Notably, major bull runs in 2013, 2017, and 2021 occurred shortly after notable increases in global M2. The same pattern appears to be repeating in 2024–2025.
Current Weakness May Be Temporary
For instance, after the COVID-19 pandemic in 2020, global M2 surged, and
bitcoin rallied above $60,000, reaching the then-new all-time high above $64,000. In 2022 and 2023, as central banks tightened liquidity, Bitcoin experienced a significant correction.
On July 23, 2025, M2 climbed again to a new all-time high of $95,209 trillion, and Bitcoin’s recent price action has shown signs of following that trend, although with some delay. This alignment suggests investors treat the asset as a hedge or beneficiary of loose monetary conditions.
The latest upward move began in late 2023, as global M2 rebounded following a post-pandemic slowdown. Bitcoin responded by climbing sharply throughout early 2024 and remains elevated despite occasional price fluctuations.
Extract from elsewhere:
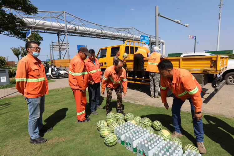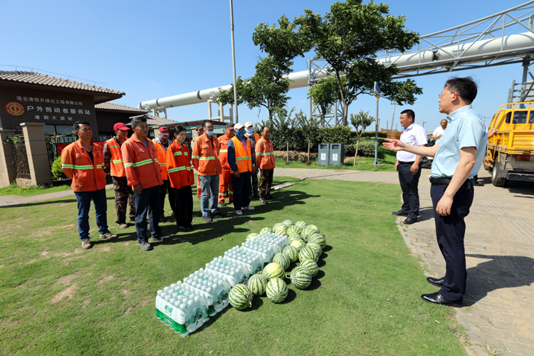 75日下午,投资公司党委副书记、工会主席刘刚深入一线看望慰问高温作业职工,为他们送去矿泉水、西瓜等防暑降温物品,嘱咐他们调节好高温作业时间,用好防暑降温药品包,确保高温作业安全。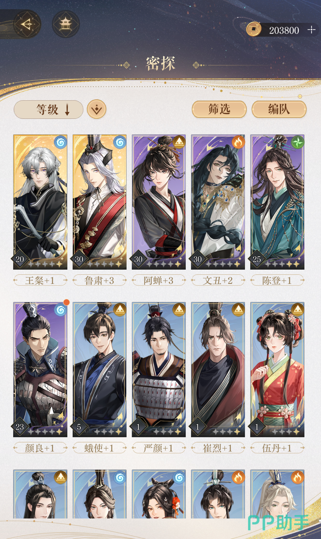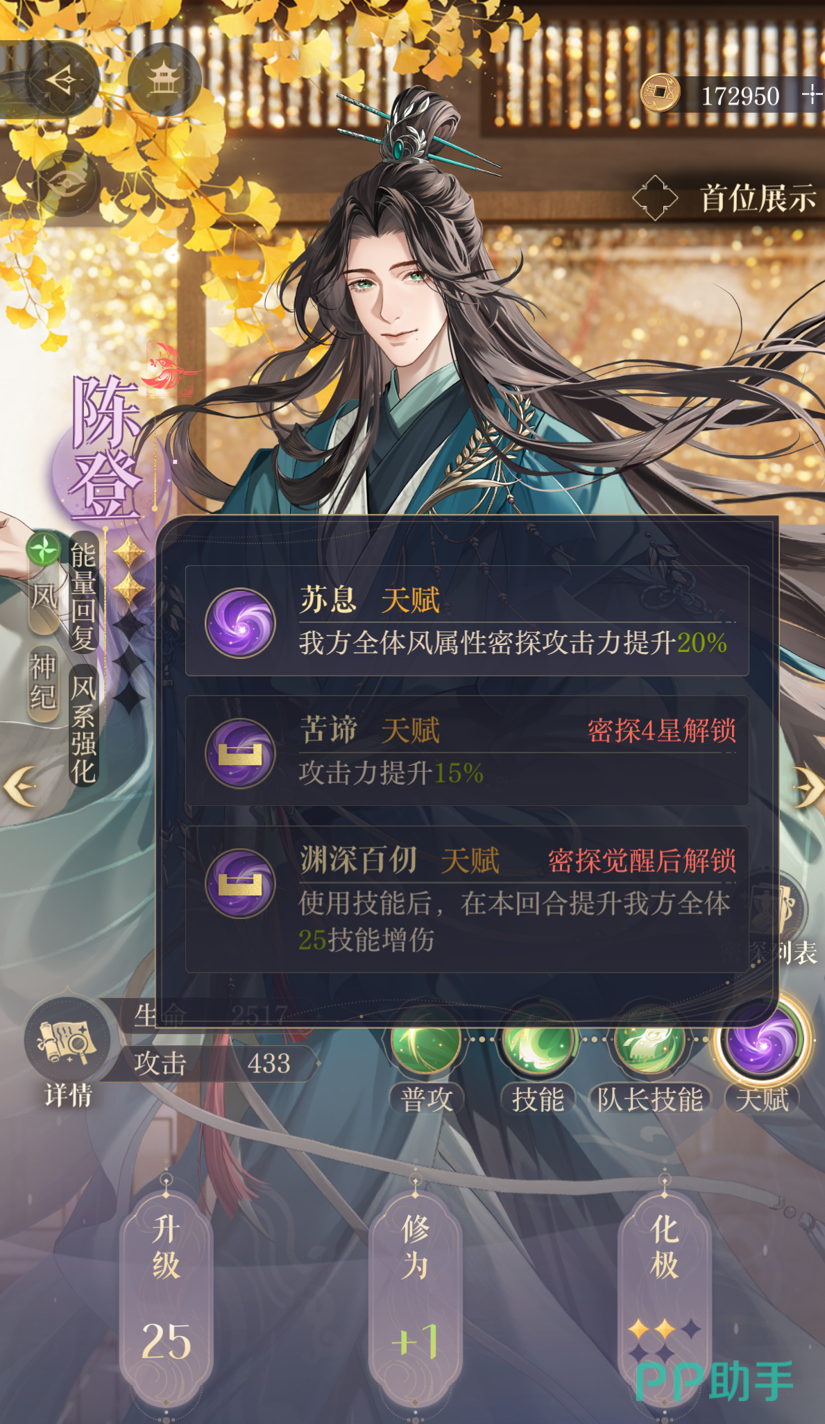 需要注意的是密探天赋需要化极觉醒解锁,比如陈登二星解锁苏息天赋,给全体风属性密探提升20%攻击力。五星觉醒之后可以解锁完整的密探天赋,对战斗的增益非常大。

While Bitcoin's recent decline may reflect short-term profit-taking, the broader liquidity trend remains supportive. The analysis suggests that Bitcoin could potentially surpass previous highs, above $123,000, which was recorded last week as global M2 reaches a new all-time high.
Experts Expect Bitcoin to Trade Above $200K
Meanwhile, several industry leaders have made bold predictions about Bitcoin’s price trajectory this year. Robert Kiyosaki, author of Rich Dad, Poor Dad, forecasted that Bitcoin could trade between $180,000 and $200,000 in 2025. HC Wainwright, a New York-based investment firm, projected a year-end target of $225,000, citing Bitcoin’s historical cyclical trends.
Similarly, Tom Lee of Fundstrat predicted Bitcoin could reach $250,000, attributing the potential surge to macroeconomic changes such as expected interest rate cuts by the Federal Reserve. Looking ahead, Michael Saylor, executive chairman of MicroStrategy, set a long-term price target of $13 million by 2045.